In this study, we proposed and validated a new method to estimate and correct the orientation drift estimation based on a foot-worn IMU using a two-segment model of the foot for drift removal. The validation compared sagittal and frontal plane angles obtained from an optical motion-tracking system with the estimation based on wearable inertial sensors. We showed that the pitch angle at mid-stance can be estimated with an inter-trial median ± IQR of 0.4 ± 3.8° and an inter-trial precision median ± IQR of 3.0 ± 1.8°. Although running speed can affect the detection performance, the system showed a good agreement with the gold standard optical motion-tracking system. Apart from the short standing period used for the functional calibration, the proposed system is fully plug-and-play. It requires no prior knowledge about the position of the sensors and needs no magnetometer.

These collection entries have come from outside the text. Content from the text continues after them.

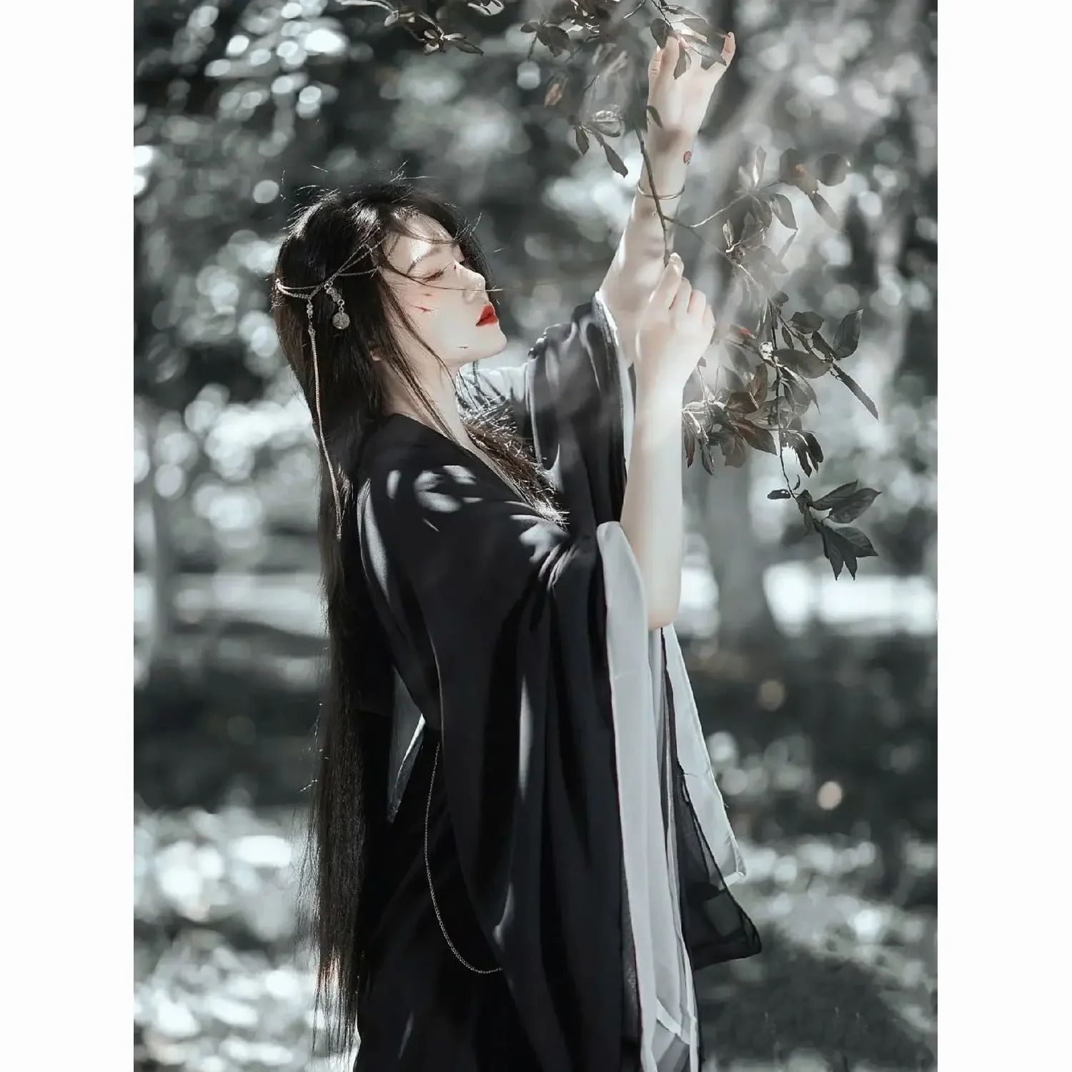 Женское платье Hanfu, женский костюм в старинном стиле, женский костюм для косплея, летний костюм ханьфу с черной курткой и белым платьем
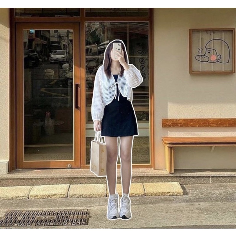 set gồm áo voan ngoài cùng áo hai dây bên trong nha,set mix cùng chân váy hay gì cũng đều xinh luôn nhé dáng crt mix cùng chân váy ăn gian chiều cao lắm ạ
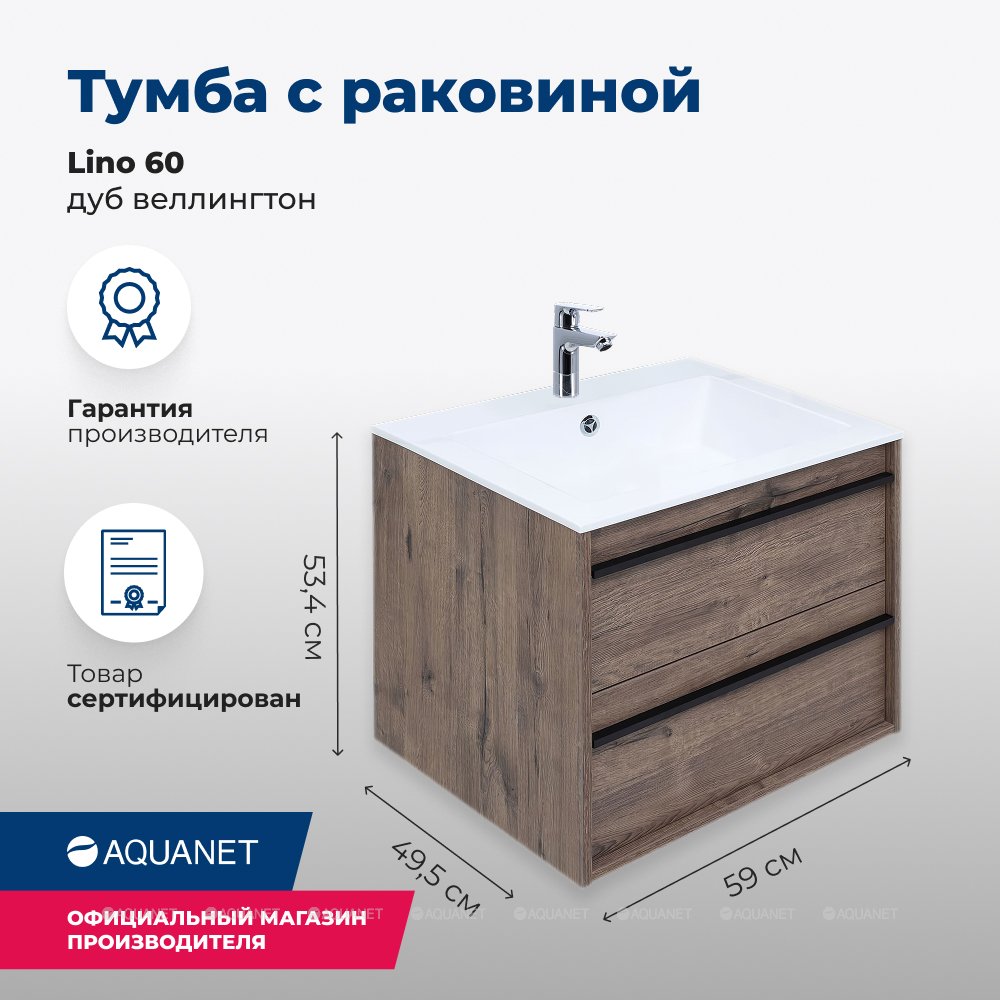 Aquanet 271944 Тумба с раковиной Lino 60 Дуб Веллингтон (271944)

Data Availability Statement

The raw data supporting the conclusions of this article will be made available by the authors, without undue reservation, to any qualified researcher.

Ethics Statement

The studies involving human participants were reviewed and approved by the CCER-VD. The patients/participants provided their written informed consent to participate in this study.

Author Contributions

MF, FM, BM, GM, and KA conceptualized the study design and contributed to the analysis and interpretation of the data. MF and FM conducted the data collection. MF designed the algorithms. KA supervised the study. MF drafted the manuscript, and all other authors revised it critically. All authors approved the final version and agreed to be accountable for all aspects of this work.

Conflict of Interest

BM was employed by the company Gait Up.

The remaining authors declare that the research was conducted in the absence of any commercial or financial relationships that could be construed as a potential conflict of interest.